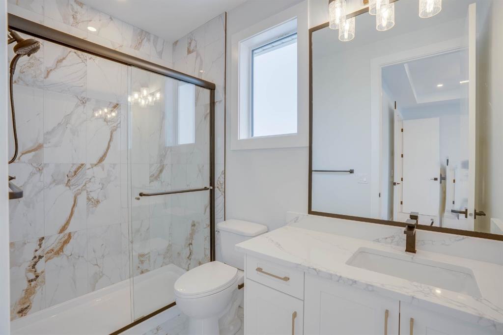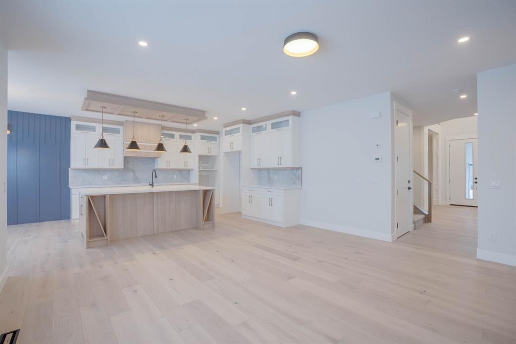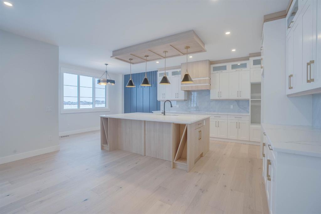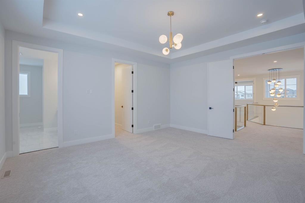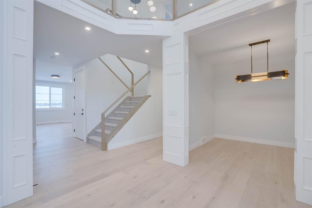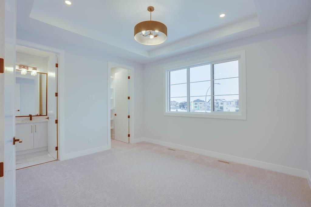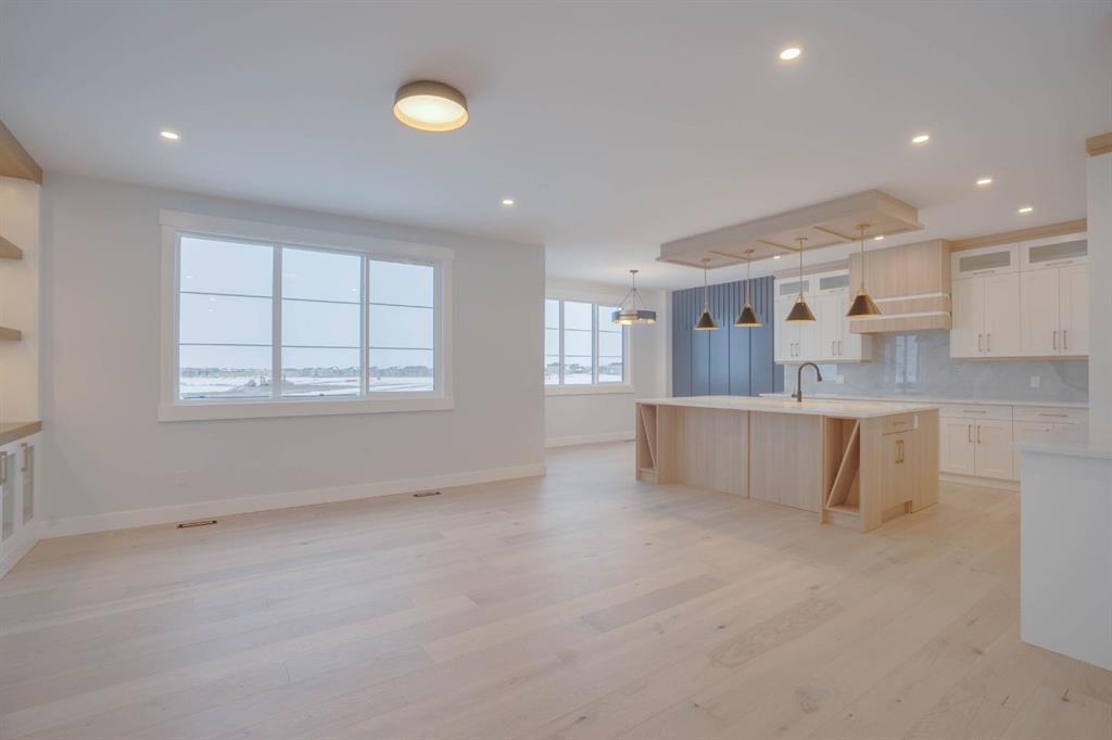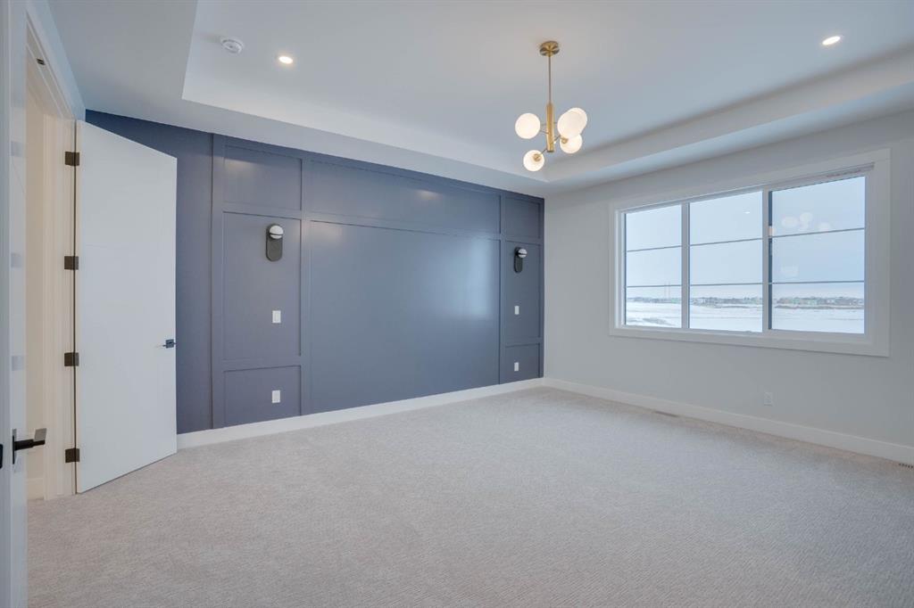 Welcome to this exceptional luxury home in the prestigious community of Waterford Estates, Chestermere. Step into a grand foyer that opens to an impressive living room with soaring open-to-below ceilings, setting the tone for the elegance and space this home offers. The main floor features a private office or den, a large bedroom with its own ensuite and closet, a spacious family room, a bright dining area, and a stunning gourmet kitchen with a massive island, complemented by a fully equipped spice kitchen and walk-in pantry. A generous mudroom and convenient two-piece bathroom complete this thoughtfully designed main level. Upstairs, the primary bedroom is a true retreat with a luxurious 5-piece ensuite and an expansive walk-in closet. The second bedroom also includes its own ensuite and walk-in closet, while two additional bedrooms share another full bathroom. A bonus room and upper-level laundry provide comfort and functionality for the entire family. Situated on a large pie-shaped lot with a huge backyard and a walkout basement, this home also features an attached three-car garage offering ample space for vehicles and storage. Ideally located near schools, parks, and shopping, this property combines elegance, convenience, and comfort in one of Chestermere’s most sought-after neighborhoods.
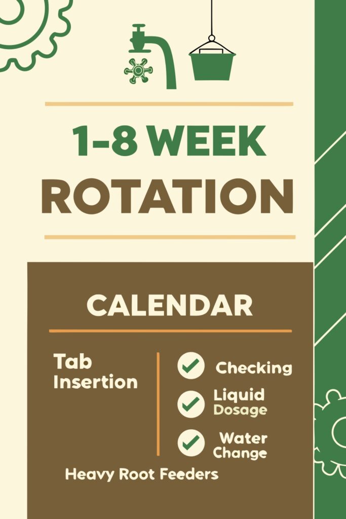 This rotation ensures heavy feeders get root tab attention every 4–8 weeks while you maintain weekly oversight.
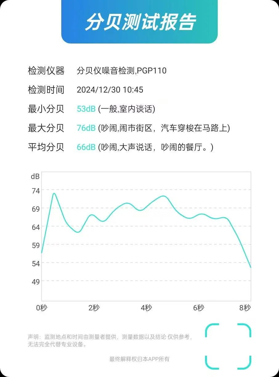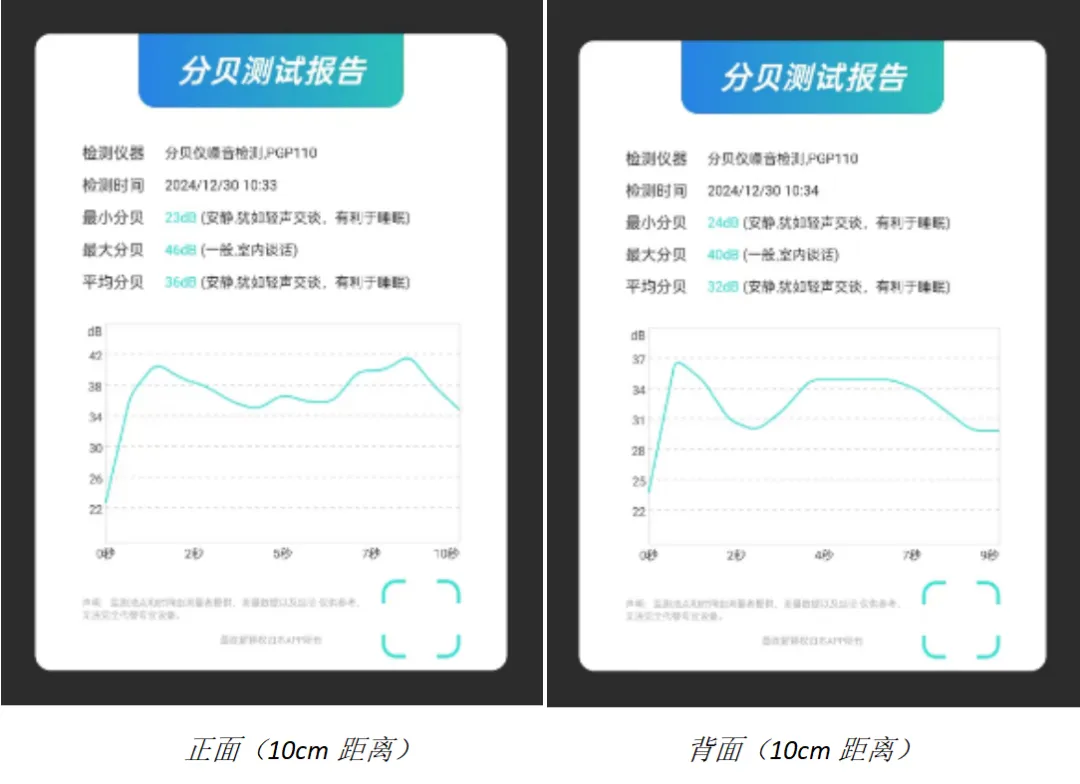 作为开放式耳机,避不开的两点便是漏音控制与嘈杂环境下的听声表现。前述试音环节,我们均在30dB的安静夜间来进行的,我们依旧在安静环境下测试其声压级与漏音情况。通过分贝测试仪,我们分别在10cm距离测试其耳机100%音量的正反面声压级。
◇ ◇ ◇ ◇ ◇ ◇ ◇
◆ Aim of the task
Set the data above down again exactly as given, with no pictures.

◆ Written response
 Welcome to this exceptional luxury home in the prestigious community of Waterford Estates, Chestermere. Step into a grand foyer that opens to an impressive living room with soaring open-to-below ceilings, setting the tone for the elegance and space this home offers. The main floor features a private office or den, a large bedroom with its own ensuite and closet, a spacious family room, a bright dining area, and a stunning gourmet kitchen with a massive island, complemented by a fully equipped spice kitchen and walk-in pantry. A generous mudroom and convenient two-piece bathroom complete this thoughtfully designed main level. Upstairs, the primary bedroom is a true retreat with a luxurious 5-piece ensuite and an expansive walk-in closet. The second bedroom also includes its own ensuite and walk-in closet, while two additional bedrooms share another full bathroom. A bonus room and upper-level laundry provide comfort and functionality for the entire family. Situated on a large pie-shaped lot with a huge backyard and a walkout basement, this home also features an attached three-car garage offering ample space for vehicles and storage. Ideally located near schools, parks, and shopping, this property combines elegance, convenience, and comfort in one of Chestermere’s most sought-after neighborhoods.
 This rotation ensures heavy feeders get root tab attention every 4–8 weeks while you maintain weekly oversight.
 作为开放式耳机,避不开的两点便是漏音控制与嘈杂环境下的听声表现。前述试音环节,我们均在30dB的安静夜间来进行的,我们依旧在安静环境下测试其声压级与漏音情况。通过分贝测试仪,我们分别在10cm距离测试其耳机100%音量的正反面声压级。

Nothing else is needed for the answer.